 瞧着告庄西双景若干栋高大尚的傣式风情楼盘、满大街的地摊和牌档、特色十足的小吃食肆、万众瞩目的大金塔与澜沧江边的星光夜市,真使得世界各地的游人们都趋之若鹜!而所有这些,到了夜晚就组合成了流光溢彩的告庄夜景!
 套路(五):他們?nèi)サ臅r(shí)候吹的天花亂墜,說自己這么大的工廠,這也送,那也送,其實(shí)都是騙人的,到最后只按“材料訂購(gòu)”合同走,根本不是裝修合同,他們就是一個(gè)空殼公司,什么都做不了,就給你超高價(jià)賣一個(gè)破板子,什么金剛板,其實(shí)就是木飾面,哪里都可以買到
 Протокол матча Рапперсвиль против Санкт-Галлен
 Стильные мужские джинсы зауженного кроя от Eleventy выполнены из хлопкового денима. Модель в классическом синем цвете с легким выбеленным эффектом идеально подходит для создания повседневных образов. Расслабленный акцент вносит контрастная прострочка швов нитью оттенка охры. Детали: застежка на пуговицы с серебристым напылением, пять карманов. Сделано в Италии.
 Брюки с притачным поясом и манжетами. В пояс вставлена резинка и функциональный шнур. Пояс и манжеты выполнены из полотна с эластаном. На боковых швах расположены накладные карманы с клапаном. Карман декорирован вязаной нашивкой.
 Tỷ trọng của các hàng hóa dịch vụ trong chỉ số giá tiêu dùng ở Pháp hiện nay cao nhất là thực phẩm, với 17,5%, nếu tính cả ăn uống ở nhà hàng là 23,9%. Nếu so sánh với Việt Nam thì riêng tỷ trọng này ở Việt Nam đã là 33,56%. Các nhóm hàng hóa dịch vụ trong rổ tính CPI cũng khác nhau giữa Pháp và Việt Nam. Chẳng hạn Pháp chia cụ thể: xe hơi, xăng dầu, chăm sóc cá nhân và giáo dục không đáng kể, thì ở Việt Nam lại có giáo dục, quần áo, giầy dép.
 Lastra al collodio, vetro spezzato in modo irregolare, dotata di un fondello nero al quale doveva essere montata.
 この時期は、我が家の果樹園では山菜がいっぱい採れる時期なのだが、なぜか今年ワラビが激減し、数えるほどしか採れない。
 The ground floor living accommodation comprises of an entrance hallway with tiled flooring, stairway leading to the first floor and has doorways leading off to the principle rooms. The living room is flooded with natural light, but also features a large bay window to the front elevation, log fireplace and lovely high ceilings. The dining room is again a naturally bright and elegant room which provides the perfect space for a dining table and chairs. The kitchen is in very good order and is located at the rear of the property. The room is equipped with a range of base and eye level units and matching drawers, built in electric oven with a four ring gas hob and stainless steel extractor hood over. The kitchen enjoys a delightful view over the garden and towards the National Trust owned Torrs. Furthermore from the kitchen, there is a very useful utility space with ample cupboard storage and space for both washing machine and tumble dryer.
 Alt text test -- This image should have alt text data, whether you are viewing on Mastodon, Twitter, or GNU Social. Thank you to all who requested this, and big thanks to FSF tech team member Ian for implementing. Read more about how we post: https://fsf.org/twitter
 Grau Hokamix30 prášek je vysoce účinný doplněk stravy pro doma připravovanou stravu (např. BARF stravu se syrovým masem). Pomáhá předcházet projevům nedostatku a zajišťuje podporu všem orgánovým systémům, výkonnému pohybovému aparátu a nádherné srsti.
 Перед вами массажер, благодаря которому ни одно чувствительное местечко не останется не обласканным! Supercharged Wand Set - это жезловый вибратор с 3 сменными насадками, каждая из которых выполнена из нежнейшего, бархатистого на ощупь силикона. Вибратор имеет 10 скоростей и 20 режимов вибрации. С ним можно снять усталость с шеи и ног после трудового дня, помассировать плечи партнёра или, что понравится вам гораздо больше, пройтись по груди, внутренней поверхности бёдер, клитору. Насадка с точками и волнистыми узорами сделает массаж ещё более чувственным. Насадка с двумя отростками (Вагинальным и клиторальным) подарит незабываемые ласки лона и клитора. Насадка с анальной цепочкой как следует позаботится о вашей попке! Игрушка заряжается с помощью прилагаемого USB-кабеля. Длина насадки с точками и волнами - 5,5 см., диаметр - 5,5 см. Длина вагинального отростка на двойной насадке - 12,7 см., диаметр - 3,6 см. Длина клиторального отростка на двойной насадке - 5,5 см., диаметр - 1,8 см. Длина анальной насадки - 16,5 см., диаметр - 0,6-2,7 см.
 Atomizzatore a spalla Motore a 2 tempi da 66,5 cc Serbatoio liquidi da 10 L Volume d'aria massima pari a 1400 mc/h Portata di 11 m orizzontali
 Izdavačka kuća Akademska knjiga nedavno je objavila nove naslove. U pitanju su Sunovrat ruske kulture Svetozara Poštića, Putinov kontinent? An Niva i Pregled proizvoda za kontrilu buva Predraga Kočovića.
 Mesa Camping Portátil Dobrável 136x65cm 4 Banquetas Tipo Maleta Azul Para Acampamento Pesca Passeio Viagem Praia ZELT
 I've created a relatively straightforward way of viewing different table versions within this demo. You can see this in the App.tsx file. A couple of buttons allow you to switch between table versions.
============
* Prompt *
Every line in the entries above that mentions the word "выполнены" must be shown.

* Answer section *
 Стильные мужские джинсы зауженного кроя от Eleventy выполнены из хлопкового денима. Модель в классическом синем цвете с легким выбеленным эффектом идеально подходит для создания повседневных образов. Расслабленный акцент вносит контрастная прострочка швов нитью оттенка охры. Детали: застежка на пуговицы с серебристым напылением, пять карманов. Сделано в Италии.
 Брюки с притачным поясом и манжетами. В пояс вставлена резинка и функциональный шнур. Пояс и манжеты выполнены из полотна с эластаном. На боковых швах расположены накладные карманы с клапаном. Карман декорирован вязаной нашивкой.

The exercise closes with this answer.